Why does sklearn tf-idf vectorizer give the highest scores to stopwords?

Solution 1:

Stopwords are assigned a large value as there is a problem with your corpus and tfidf calculation.

The shape of the matrix X is (15, 42396) meaning that you have only 15 documents and these documents contains 42396 different words.

The mistake is that you are concatenating all words of a given category into one document instead of using all defined document in this snippet:

for c in brown.categories():
  doc = ' '.join(brown.words(categories=c))
  corpus.append(doc)

You can modify your code to:

for c in brown.categories():
    doc = [" ".join(x) for x in brown.sents(categories=c)]
    corpus.extend(doc)

which will create one entry per document.

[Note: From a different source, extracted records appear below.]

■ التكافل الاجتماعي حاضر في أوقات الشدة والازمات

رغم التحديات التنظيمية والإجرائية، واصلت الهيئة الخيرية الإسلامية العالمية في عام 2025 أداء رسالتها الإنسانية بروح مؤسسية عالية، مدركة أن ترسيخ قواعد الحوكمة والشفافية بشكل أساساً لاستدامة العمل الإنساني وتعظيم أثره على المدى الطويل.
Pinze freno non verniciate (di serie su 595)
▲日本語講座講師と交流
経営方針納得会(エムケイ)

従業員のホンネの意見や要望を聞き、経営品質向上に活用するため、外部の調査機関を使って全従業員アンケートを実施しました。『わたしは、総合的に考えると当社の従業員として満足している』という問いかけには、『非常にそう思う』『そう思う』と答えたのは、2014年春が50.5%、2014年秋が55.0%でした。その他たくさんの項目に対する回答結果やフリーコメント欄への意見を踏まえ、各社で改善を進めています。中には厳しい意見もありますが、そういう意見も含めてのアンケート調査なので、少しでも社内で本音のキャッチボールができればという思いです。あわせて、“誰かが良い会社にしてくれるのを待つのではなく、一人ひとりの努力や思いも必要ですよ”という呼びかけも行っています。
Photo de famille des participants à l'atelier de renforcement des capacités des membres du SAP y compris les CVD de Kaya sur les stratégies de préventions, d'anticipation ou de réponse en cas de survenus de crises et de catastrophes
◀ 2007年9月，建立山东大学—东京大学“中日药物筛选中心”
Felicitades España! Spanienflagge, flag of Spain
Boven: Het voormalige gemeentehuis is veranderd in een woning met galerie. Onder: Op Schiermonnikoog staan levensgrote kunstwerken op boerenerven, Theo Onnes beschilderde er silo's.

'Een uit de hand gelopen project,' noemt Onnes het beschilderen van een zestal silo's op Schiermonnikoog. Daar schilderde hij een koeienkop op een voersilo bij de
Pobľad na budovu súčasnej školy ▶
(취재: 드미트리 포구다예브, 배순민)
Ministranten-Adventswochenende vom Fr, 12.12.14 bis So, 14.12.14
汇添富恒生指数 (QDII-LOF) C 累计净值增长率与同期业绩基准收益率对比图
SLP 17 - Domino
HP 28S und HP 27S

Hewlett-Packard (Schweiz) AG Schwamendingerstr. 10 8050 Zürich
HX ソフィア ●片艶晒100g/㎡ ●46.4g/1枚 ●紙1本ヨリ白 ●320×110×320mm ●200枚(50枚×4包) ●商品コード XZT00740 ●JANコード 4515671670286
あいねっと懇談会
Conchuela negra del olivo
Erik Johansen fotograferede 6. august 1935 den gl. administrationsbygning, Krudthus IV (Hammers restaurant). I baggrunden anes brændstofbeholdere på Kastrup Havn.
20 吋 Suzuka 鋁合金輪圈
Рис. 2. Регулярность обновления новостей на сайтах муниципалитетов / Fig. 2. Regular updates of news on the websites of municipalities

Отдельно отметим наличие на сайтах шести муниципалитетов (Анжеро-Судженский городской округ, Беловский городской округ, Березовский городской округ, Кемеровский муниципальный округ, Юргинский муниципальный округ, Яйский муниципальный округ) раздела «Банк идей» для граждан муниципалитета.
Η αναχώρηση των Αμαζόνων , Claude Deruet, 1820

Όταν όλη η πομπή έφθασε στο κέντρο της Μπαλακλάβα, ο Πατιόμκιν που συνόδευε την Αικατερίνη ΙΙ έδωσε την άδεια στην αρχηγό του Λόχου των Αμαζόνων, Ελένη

Therefore your X matrix will then have a shape of (57340, 42396).

This is really important as the stopwords will appear in most documents which will assign them a really low TFIDF value.

You can have a look at the 25 most important words with the following snippet:

import numpy as np
feature_names = thisvectorizer.get_feature_names_out()
sorted_nzs = np.argsort(X.data)[:-(25):-1]
feature_names[X.indices[sorted_nzs]]

Output:

 array(['customer', 'asked', 'properties', 'itch', 'locked', 'achieving',
        'jack', 'guess', 'criticality', 'me', 'sir', 'beckworth', 'visa',
        'will', 'casey', 'athletics', 'norms', 'yeah', 'eh', 'oh', 'af',
        'currency', 'example', 'movies'], dtype=object)